Entre los imputados hay constructores, transportistas que vertían los ripios en lugares no autorizados y trabajadores de plantas de acopio o de reciclaje que emitían certificados de haber recepcionado los escombros sin que esto hubiese ocurrido. La operación Alaspico contra el vertido ilegal de ripios en el entorno de la ciudad, que han llevado a cabo conjuntamente la Policía Local de Badajoz con el Seprona de la Guardia Civil, se ha saldado con 13 imputados, pertenecientes a 10 empresas. Para informar de esta actuación, que se inició en julio del 2014 y se ha prolongado durante 9 meses en Badajoz y localidades cercanas, comparecieron ayer el primer teniente de alcalde, Germán López Iglesias, y los responsables del Seprona y de la policía local.

Mediante el control de vehículos se comprobó el vertido incontrolado de residuos de la construcción en seis lugares no autorizados. En concreto, en El Pico, la isla de Los Monos, las graveras del Guadiana cerca de Sagrajas, en la carretera de Olivenza y en las cercanías de la carretera de Valverde. Según fuentes consultadas, se han acumulado cientos de miles de toneladas en estos lugares. El modo de proceder era el siguiente: un constructor con licencia de obra para derribar contrataba a una empresa para llevar los escombros a una planta temporal de acopio o a una de reciclaje autorizadas, pero el transportista, en lugar de trasladarlos a las plantas, lo que supone un coste, los repartía por el entorno de Badajoz y acudía posteriormente a una planta para recoger el certificado en contubernio con algún trabajador.

LOS AFECTADOS

Están imputados empleados de la planta de acopio de Gévora, de la de tratamiento de Olivenza y una móvil que funciona en la carretera de Sevilla, en la barriada de Tulio. No se ha determinado si actuaban con el consentimiento de los responsables de las empresas. Ayer, el teniente del Seprona, Ramón García, recalcó que no se puede "criminalizar" al sector.

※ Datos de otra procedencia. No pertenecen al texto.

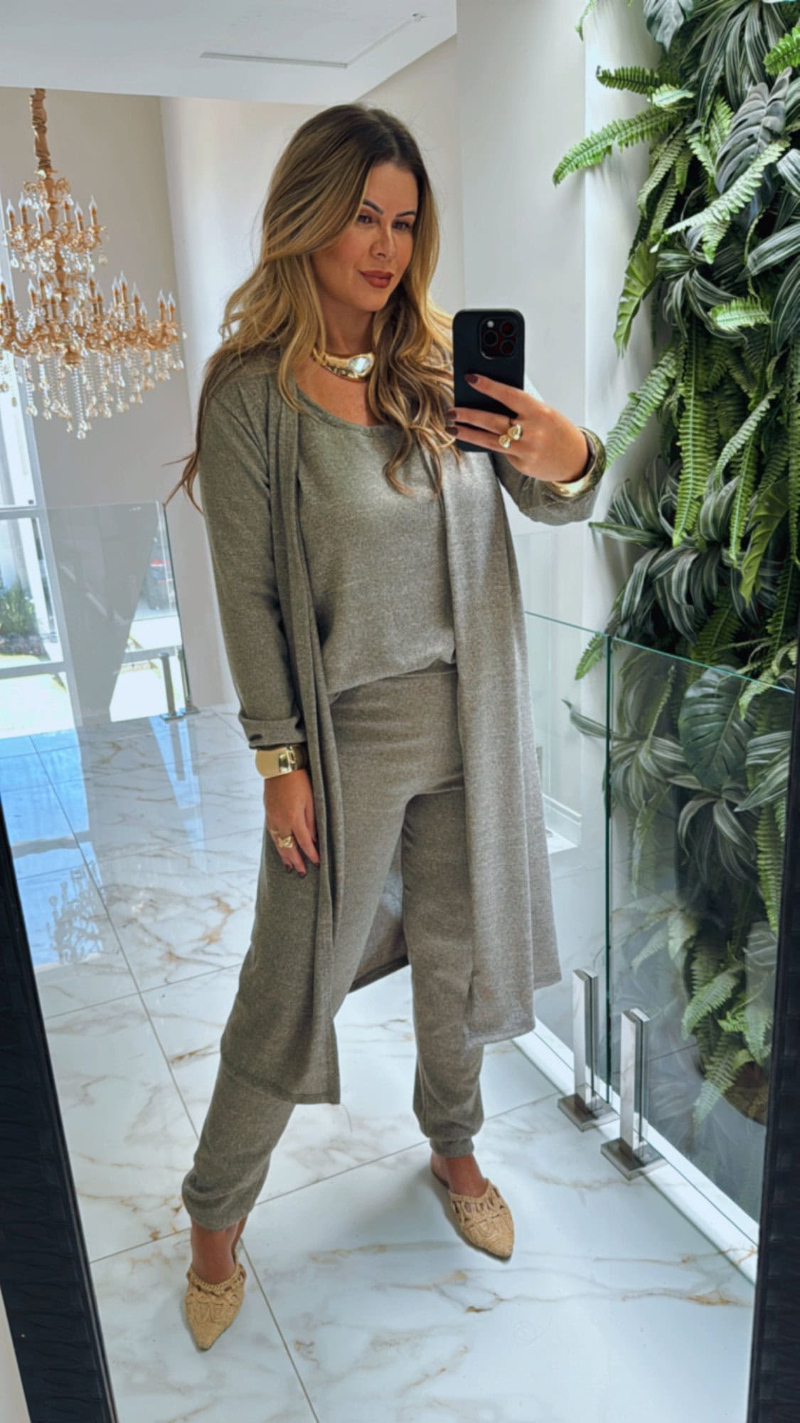 Conjunto 3 peças (regata, calça e cardigan)

De la policía local han participado 7 agentes del Servicio de Información Local y Cometidos Especiales (Silyce), que han controlado 14 vehículos y hecho 5.490 fotografías. Su intervención para el trabajo de campo se prolongó los tres primeros meses y luego ha actuado el Seprona.

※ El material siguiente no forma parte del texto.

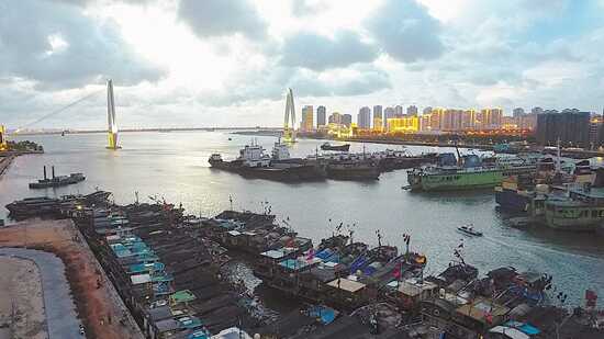 台风“韦帕”来袭,船舶在海口新港码头内停靠避风 新华社发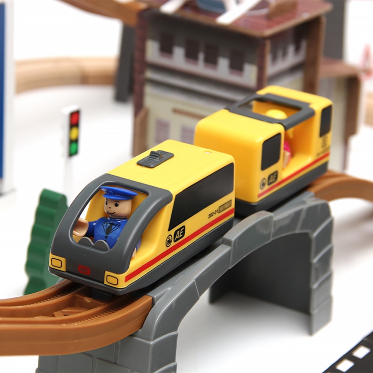 Multi Color Wooden Train Track Toys Set Simulation Air Station Railway Track Puzzle Slot Toy For Children

Según explicó el superintendente, Rubén Muñoz, debido a las características de esta actuación, las imágenes se tomaron "a una gran distancia" al observar que quienes cometían estos delitos adoptaban importantes medidas de seguridad. Primero realizaban varias visitas con un turismo por la zona para asegurarse de que no había testigos y cuando comprobaban que no había nadie, comenzaba a llegar "un regero de camiones" que realizaban los vertidos.

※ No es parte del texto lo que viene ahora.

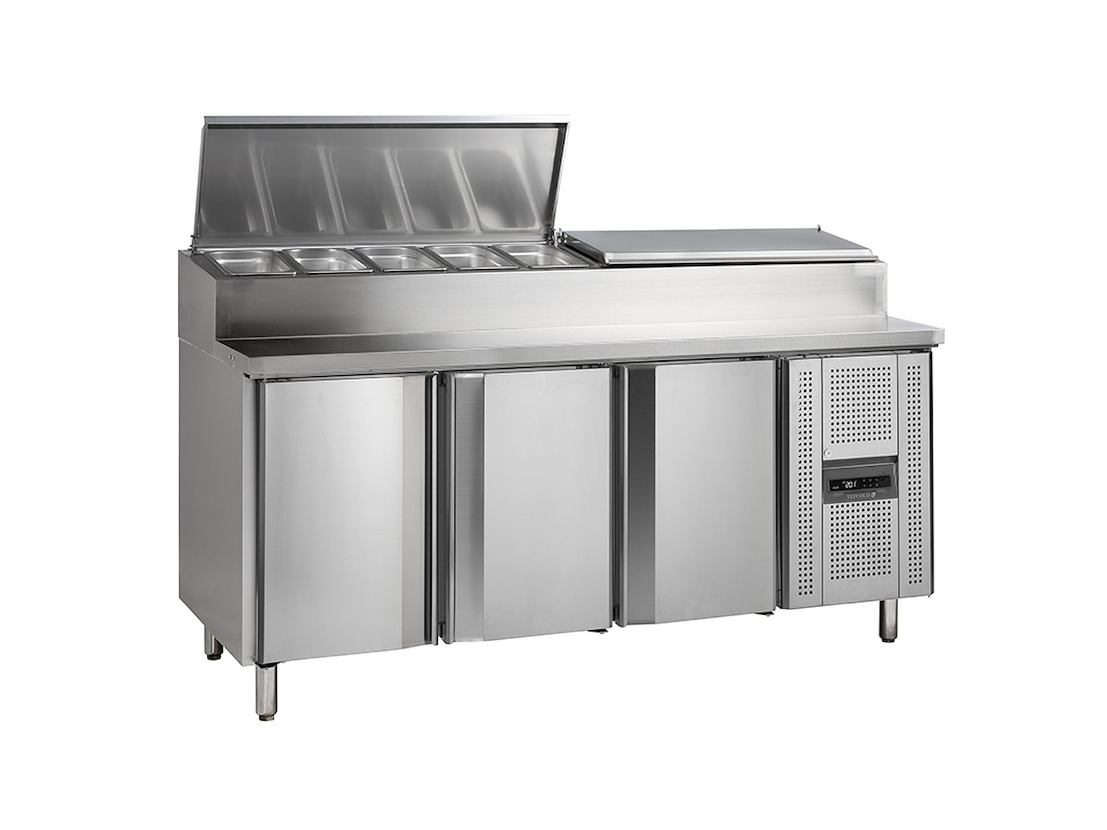 Constructed from SS304 stainless steel both inside and out, this saladette is built to withstand daily use in busy kitchens. The three self-closing doors ensure that the cold air is retained, while the adjustable legs allow for height customization to suit your kitchen's needs. With a capacity of 497 liters and three GN1/1 shelves in the undershelf, you have ample storage space. The electronic thermostat provides precise temperature control, and with automatic defrosting, maintenance is minimized.

Para cerrar la investigación hubo que seguir a los vehículos, comprobar de qué obras partían y si les habían presentado el certificado de la gestión que no se estaba haciendo. El Seprona se ha centrado en la instrucción de las diligencias para intentar demostrar en contacto con la Fiscalía de Medio Ambiente la concurrencia de tres delitos: el medioambiental (hasta 2 años de prisión) por daños y alteración del hábitat sobre todo en la cuenca del Guadiana; falsedad documental (hasta 3 años) por expedir documentos que certifican lo que no se ha hecho y, por último, estafa (hasta tres años), pues el promotor de la obra contrataba a un gestor de residuos y le pagaba. Todo está remitido a la autoridad judicial.